Há um CONDUZIU Um painel eletrônico em uma agência do Chase Bank no centro de Midland, Texas, no coração da Bacia Permiana, quantifica o atual boom do petróleo. Ele alterna entre o número atual de plataformas de perfuração, o preço do petróleo e o preço da gasolina. Em 30 de outubro, dia da minha chegada, o painel informava que havia 1,068 plataformas de perfuração nos Estados Unidos, das quais 489 — quase metade — estão na Bacia Permiana.
Embora o letreiro luminoso tenha o objetivo de celebrar o boom do fracking, Sharon Wilson, coordenadora do Texas, Terraplanagem, vê isso como um sinal de alerta da necessidade urgente de reduzir as emissões de gases de efeito estufa para evitar mudanças climáticas catastróficas.
CONDUZIU plataformas de contagem de sinais no NOS e a Bacia Permiana no centro de Midland, Texas.
A Bacia Permiana é uma das bacias de petróleo e gás natural mais prolíficas do mundo. NOS Com aproximadamente 250 quilômetros de largura e 300 quilômetros de comprimento, ela se estende pelo oeste do Texas e pelo sudeste do Novo México. área de aproximadamente 86,000 milhas quadradas Abrange diversas sub-bacias, incluindo a Bacia de Delaware, a Bacia Central e a Bacia de Midland, todas elas vivenciando o mais recente boom do petróleo.
Wilson, um ativista declarado contra o fracking, defendeu regulamentações mais rigorosas para controlar a indústria do fraturamento hidráulico, que utiliza perfuração horizontal e injeções de fluidos para fraturar o xisto e liberar o petróleo e o gás presos em seu interior. Mas ela já não acredita que as regulamentações sejam a solução, porque os governos estaduais e federal não estão preparados para aplicá-las. "A única maneira de salvar o planeta das mudanças climáticas é parar o fracking agora", disse ela.
A expansão frenética da indústria de petróleo e gás na Bacia Permiana nos últimos dois anos é algo sem precedentes para Wilson.
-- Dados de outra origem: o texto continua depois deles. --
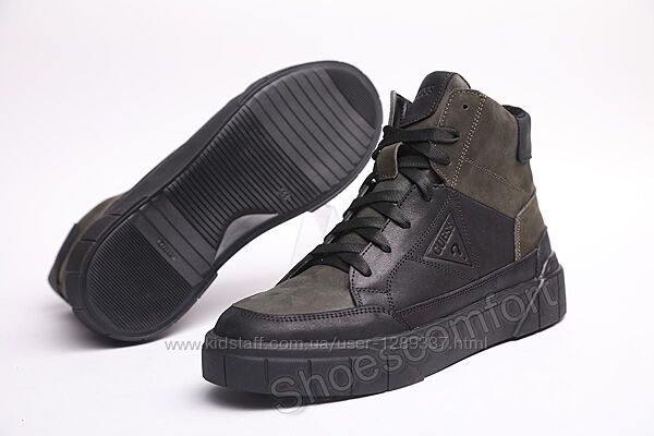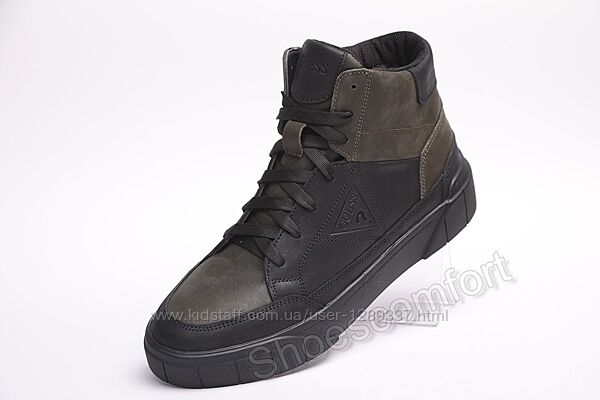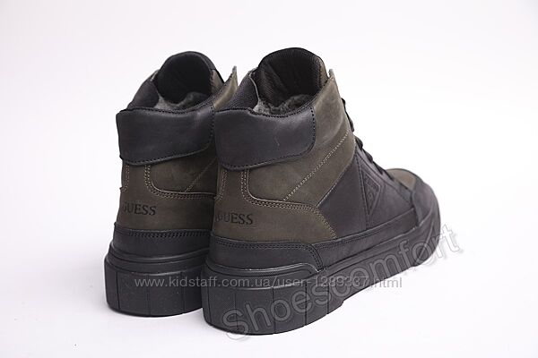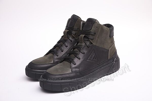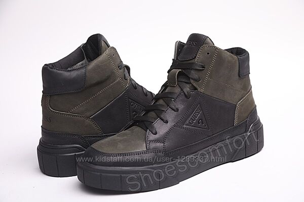 Подробное описание: Мужские зимние кожаные ботинки Guess Los Angeles olive / black

A infraestrutura ligada à indústria de fraturamento hidráulico — desde plataformas de poços e estações de tratamento de resíduos até oleodutos e locais de transferência de energia — está sendo construída em ritmo acelerado. Wilson constatou que alguns desses locais estão em operação antes mesmo de serem instaladas placas identificando os proprietários e operadores, o que é ilegal e dificulta o registro de possíveis denúncias de poluição do ar.
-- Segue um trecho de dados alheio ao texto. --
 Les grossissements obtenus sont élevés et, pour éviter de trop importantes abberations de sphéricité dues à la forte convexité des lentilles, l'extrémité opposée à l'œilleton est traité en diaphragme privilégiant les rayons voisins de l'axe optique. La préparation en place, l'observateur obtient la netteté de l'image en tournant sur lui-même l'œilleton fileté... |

Local de fraturamento hidráulico próximo a residências em Midland, Texas.
Canteiro de obras de gasoduto na Bacia Permiana.
"“Conter as mudanças climáticas é a questão mais importante do nosso tempo”, disse Wilson, “mas poucas pessoas compreendem o papel do metano. Estamos caminhando para o suicídio planetário, e o que está acontecendo na Bacia Permiana comprova isso.” Motivada por essa convicção, a Earthworks tem investido tempo e recursos para chamar a atenção para o problema do metano na região.
"“Se interrompermos as emissões de metano, o planeta terá uma resposta imediata”, destaca ela. Para isso, a Earthworks afirma que o fraturamento hidráulico, que contribuiu para o excesso de extração de gás natural e petróleo nos EUA, precisa ser interrompido imediatamente.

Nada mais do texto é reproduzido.